The Jon Spencer Blues Explosion - Dirty Shirt Rock 'n' Roll - Albums - Reviews - Soundblab

The Jon Spencer Blues Explosion - Dirty Shirt Rock 'n' Roll

by Andy Brown Rating:9 Release Date:2010-07-23

Ladies and gentleman let me introduce to you the one, the only, the unstoppable, the most groovy Bluuuuessssss Exxploooosion! Yeah!...Jon Spencer is a pretty excitable chap - hollering, yelling, sneering and shaking his way through 22 of the Blues Explosions finest moments. Dirty Shirt Rock 'n' Roll includes tracks from their self-titled early 90s debut, through 1994s excellent Orange album and up to 2002 release Plastic Fang.

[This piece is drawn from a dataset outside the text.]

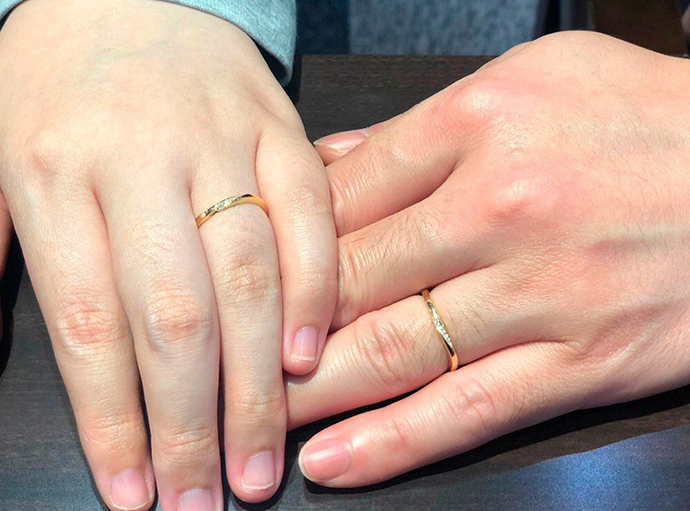 他と被らないイエローゴールドのお色味がおふたりらしいと気に入っていただきました😊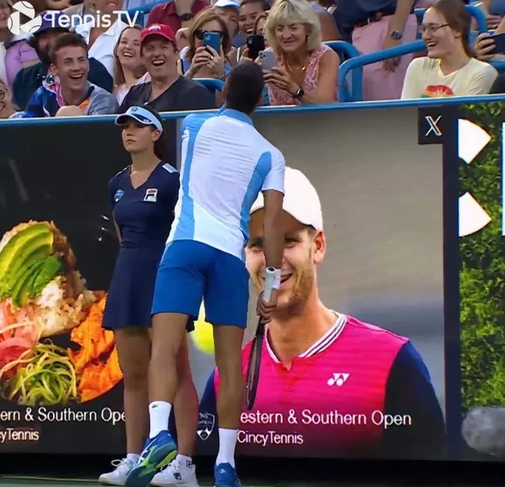 Novak Djokovic i-a trimis pupici unei spectatoare chiar în timpul meciului! Moment savuros la turneul de la Cincinnati | VIDEO

Much like that other great rock 'n' roll outsider Billy Childish, The Jon Spencer Blues Explosion manage to tap into the primal, joyful and barley restrained spirit of rock 'n' roll and make it their own. There's a natural groove running through these tracks - a possessed, irresistible force even; a rhythm section as tight, loose and damn near perfect as you could hope for. It's there in the down and dirty riffs snaking through 'Train # 2' and 'History of Sex', in the lumbering swagger of 'Blues X Man' as the backing singers coo "Blues Explosion" and it's there in the stuttering blues of 'Leave Me Alone So I Can Rock Again'. Spencer struts and wails through the noise and it's a beautiful racket.

Perhaps the best track here comes in the form of 1994 single 'Bellbottoms'. First of all there's the unexpected string section, then those feverish guitars, incredible drums and joyous shouts of "Bellbottoms! Bellbottoms!" It's so huge sounding it borders on the ridiculous; Spencer does his best curled lip Elvis impression and it might just be about a pair of fashion-dubious trousers, yet it manages to be just about the most exciting, underappreciated rock track of the 90s. Elsewhere you get to enjoy the frantic clatter of 'Wail', the shimmering seduction of 'Magic Colours', the sexual funk of 'Afro' and the metallic blues-riff perfection of 'Chicken Dog' - it's a pretty faultless selection.

The band's sound hasn't stayed static either, from their early lo-fi punked-up blues-rock to their sonic experiments with hip hop producer Dan the Automator- the Blues Explosion have kept things fresh. While some of their later albums split fans down the middle, the pure rock 'n' roll thrills of the tracks representing those albums here can't be denied. So 'Flavor (remix)' and 'Talk about the Blues' have their fair share of hip hop moments and studio manipulation in amongst the blues riffs yet, unlike the cringe-fests they could have been, they actually work really well. Much like the previously mentioned madness of 'Bellbottoms', this band have a knack for taking seemingly inappropriate sounds and making them pure, unadulterated Blues Explosion!

The Blues Explosion live in a hyper rock universe- with Elvis Presley, Cadillac cars, the blues and bad booze mixing with punk rock, noise, (a bit of) hip hop and a whole load of good times. It's a mix that works well too - where the past and the future of rock 'n' roll collide you'll find The Jon Spencer Blues Explosion standing on the bar and playing like their lives depended on it. After this it's worth looking up A Ass Pocket of Whiskey their collaborative effort with blues legend RL Burnside, represented here by 'Shake 'Em on Down'. Then again, it's all pretty good, silence the doubters - it's a Blooooozzzee Expllllosion!